사이트 : https://codility.com/programmers/task/odd_occurrences_in_array/

난이도 : PAINLESS

추가 자료 : Open reading material (PDF)

A non-empty zero-indexed array A consisting of N integers is given. The array contains an odd number of elements, and each element of the array can be paired with another element that has the same value, except for one element that is left unpaired. For example, in array A such that:   A[0] = 9  A[1] = 3  A[2] = 9   A[3] = 3  A[4] = 9  A[5] = 7   A[6] = 9 - the elements at indexes 0 and 2 have value 9, - the elements at indexes 1 and 3 have value 3, - the elements at indexes 4 and 6 have value 9, - the element at index 5 has value 7 and is unpaired. Write a function: def solution(A) that, given an array A consisting of N integers fulfilling the above conditions, returns the value of the unpaired element. For example, given array A such that:   A[0] = 9  A[1] = 3  A[2] = 9   A[3] = 3  A[4] = 9  A[5] = 7   A[6] = 9 the function should return 7, as explained in the example above. Assume that: N is an odd integer within the range [1..1,000,000]; each element of array A is an integer within the range [1..1,000,000,000]; all but one of the values in A occur an even number of times. Complexity: expected worst-case time complexity is O(N); expected worst-case space complexity is O(1), beyond input storage (not counting the storage required for input arguments). Elements of input arrays can be modified.

#1

def solution(A):
    # write your code in Python 2.7
    compareList = []
    
    for num in A:
        flag = False
        for compare in compareList:
            if num == compare:
                compareList.remove(compare)
                flag = True
        if not flag:
            compareList.append(num)
    
    result = compareList.pop()
    return result

배열 A 안에 있는 값을 하나씩 꺼내가면서 비교해본다.

compareList에 만약 동일한 값이 있는 경우, 그 값을 compareList에서 제거해 준다.

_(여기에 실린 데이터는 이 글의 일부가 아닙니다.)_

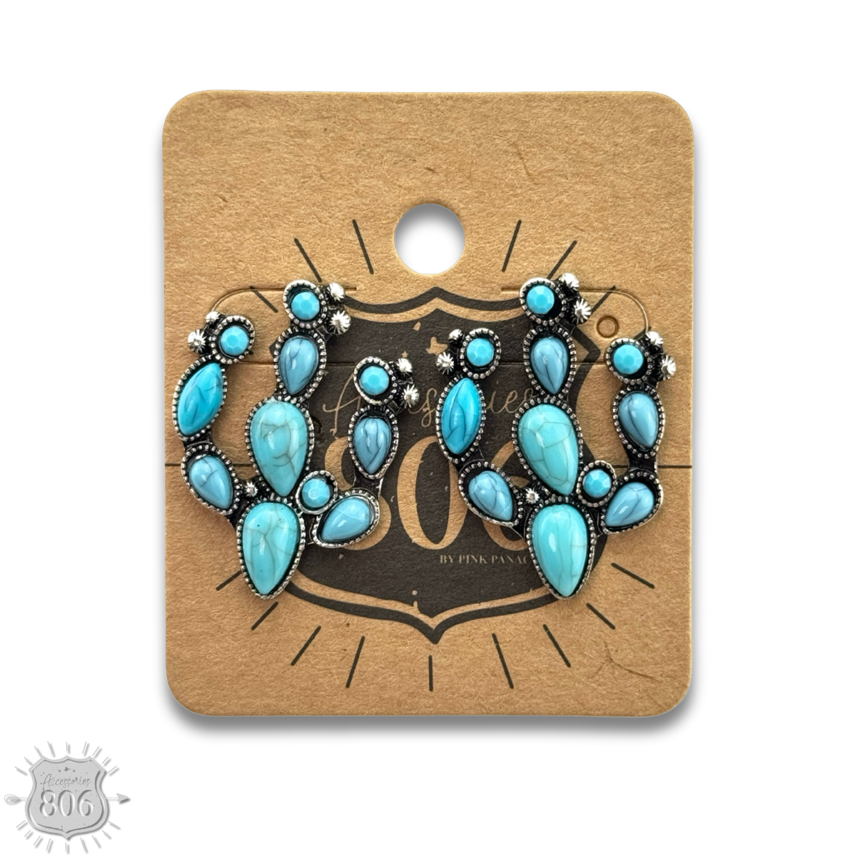 This earring, in the shape of a cactus, has turquoise color stone cabochons in the setting. It is worn as a post earring.

동일한 값이 없는 경우, 그 값을 compareList에 저장시켜 준다.

모든 수행이 끝나면 마지막으로 compareList에 저장되어 있는 값을 뽑아 result에 저장시킨다.

SCORE: 66% - 시간 초과

#2

def solution(A):
    A.sort()
    cnt = 1
    for index in range(0, len(A)-1):
        if A[index] == A[index+1]:
            cnt += 1
        else:
            if cnt%2 != 0:
                return A[index]
            cnt = 1
    return A[len(A)-1]

먼저 배열을 정렬시켜 준 뒤, 동일한 수의 갯수를 계산하여 주도록 한다.

만약, 갯수가 홀수인 경우, 바로 리턴하여 주도록 한다.

모든 검사가 끝날 때까지 홀수개가 나오지 않는다면, 마지막 값을 리턴해 주도록 한다.

SCORE: 100%

Tasks 2. CyclicRotation

Rotate an array to the right by a given number of steps.

사이트 : https://codility.com/programmers/task/cyclic_rotation/

난이도 : PAINLESS

추가 자료 : Open reading material (PDF)

A zero-indexed array A consisting of N integers is given. Rotation of the array means that each element is shifted right by one index, and the last element of the array is also moved to the first place. For example, the rotation of array A = [3, 8, 9, 7, 6] is [6, 3, 8, 9, 7]. The goal is to rotate array A K times; that is, each element of A will be shifted to the right by K indexes. Write a function: def solution(A, K) that, given a zero-indexed array A consisting of N integers and an integer K, returns the array A rotated K times. For example, given array A = [3, 8, 9, 7, 6] and K = 3, the function should return [9, 7, 6, 3, 8]. Assume that: N and K are integers within the range [0..100]; each element of array A is an integer within the range [−1,000..1,000]. In your solution, focus on correctness. The performance of your solution will not be the focus of the assessment.

def solution(A, K):
    if len(A) == 0:
        return A
 
    for n in range(K):
        A.insert(0, A.pop())
    return A

받은 A의 배열에서 맨 끝에 있는 요소를 빼내, 0번째 위치 (배열의 앞)에 삽입한다.

이를 K번 반복해 준다.

만약, 배열 A가 요소를 가지고 있지 않은 경우, 그대로 A를 리턴시켜준다.

SCORE: 100%